Work to be completed: Print, from the listing below, the lines starting at the line containing "その際、コンセントとACアダ" and ending at the line containing "裏地もないので少しゆるっとしたサイズ感で着用できます。", exactly as they stand, and print nothing else.

Records for processing:
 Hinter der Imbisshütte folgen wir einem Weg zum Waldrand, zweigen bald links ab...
* * *
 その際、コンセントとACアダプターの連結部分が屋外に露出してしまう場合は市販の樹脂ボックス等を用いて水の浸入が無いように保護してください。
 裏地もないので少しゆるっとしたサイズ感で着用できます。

Answer to this problem:
 その際、コンセントとACアダプターの連結部分が屋外に露出してしまう場合は市販の樹脂ボックス等を用いて水の浸入が無いように保護してください。
 裏地もないので少しゆるっとしたサイズ感で着用できます。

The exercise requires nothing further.